The debate is playing out on a world stage, with the land sparers currently ascendant in relation to their influence on policymakers. This is because they include some of the major conservation organisations, which have huge memberships, and many of the world’s most prestigious academic institutions; I’m talking here about Oxford, Cambridge, Stanford, Princeton… – some of these academics and their research teams are firmly in the land sparing camp. They advocate, judicious and responsible use of chemicals to further increase the output on the best agricultural soils of the world which they believe can be achieved without compromising the nutritional quality of food or unduly damaging the farm ecosystems. With mounting evidence that the nutritional density of food has already declined due to existing intensification, that at least is an issue which requires much greater consideration. Most of them also advocate shifting to plant-based diets with an associated dramatic reductions in livestock products, without adequately differentiating between those animals, mainly ruminants, that play a critical role in maintaining soil fertility, diversity and carbon stocks in grassland and mixed farming systems, and those intensively farmed livestock and their products which are absolutely part of the problem.
My conviction is that the term they use – ‘sustainable intensification’ – is an oxymoron, if one is using it to describe systems which continue to rely on chemical inputs. I am not against intensification per se, but I believe the only kind that really has any traction, at a time when we are beginning to discover the incredible, mysterious and complex ecosystems which comprise the world of soil, is biological intensification.
To witness an example of this, look no further than the farm of my friend and SFT Board member Peter Segger and his partner Anne Evans. They have been practising biologically based vegetable production for over 40 years on their remarkably productive organic vegetable farm, Blaencamel, just down the road from where I farm.
I am full of admiration for the remarkable achievements of Charlie Burrell and Isabella Tree at the Knepp Estate and I recognise the need for some rewilding because we have done so much damage to biodiversity. But we should think long and hard before we take too much land out of food production because this will have two serious negative consequences. It will force us to rely even more on imported food, which is often associated with significant environmental degradation in other countries and it will intensify still further the methods used on the remaining food producing land.
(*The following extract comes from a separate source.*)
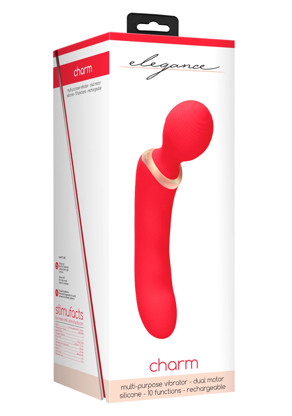 Charm is available in 3 stunning colors: Red, Black and Royal Blue! The two new generation F1 super powerful motors that vibrates at a staggering 8,000 rpm and it features 10 unique vibration functions. The Charm is CE Certified, made from 100% medical grade silicone, waterproof (IP67), extremely quiet and it contains a rechargeable battery that when fully charged with its USB cable will provide 60 minutes of passionate playtime. Just click and charge! The gold-brush finish and extraordinary quality of this toy will make an impression.

Whether it is called ‘intensification’ or ‘sustainable intensification’ it will still depend on agrochemical inputs and create an environment that is hostile to biodiversity.
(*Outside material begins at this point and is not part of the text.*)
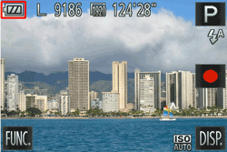 開啟相機電源,電量圖示將出現在液晶螢幕上。如果該圖示沒有出現,觸摸 [DISP.] 幾次顯示圖示。

There is more work to be done to explain how and why a land sharing approach will ultimately produce the better outcome and it is my hope that other academics, some of whom I know share my views, will rise to the challenge of helping in this task. Because this debate is not yet resolved, I believe it is important that the SFT should continue to highlight the issues in our current and future communications. The debate is not merely about land sparing or land sharing, it is at the heart of the way food will be produced in future to feed the growing world population, whilst at the same time helping to address climate change and biodiversity loss.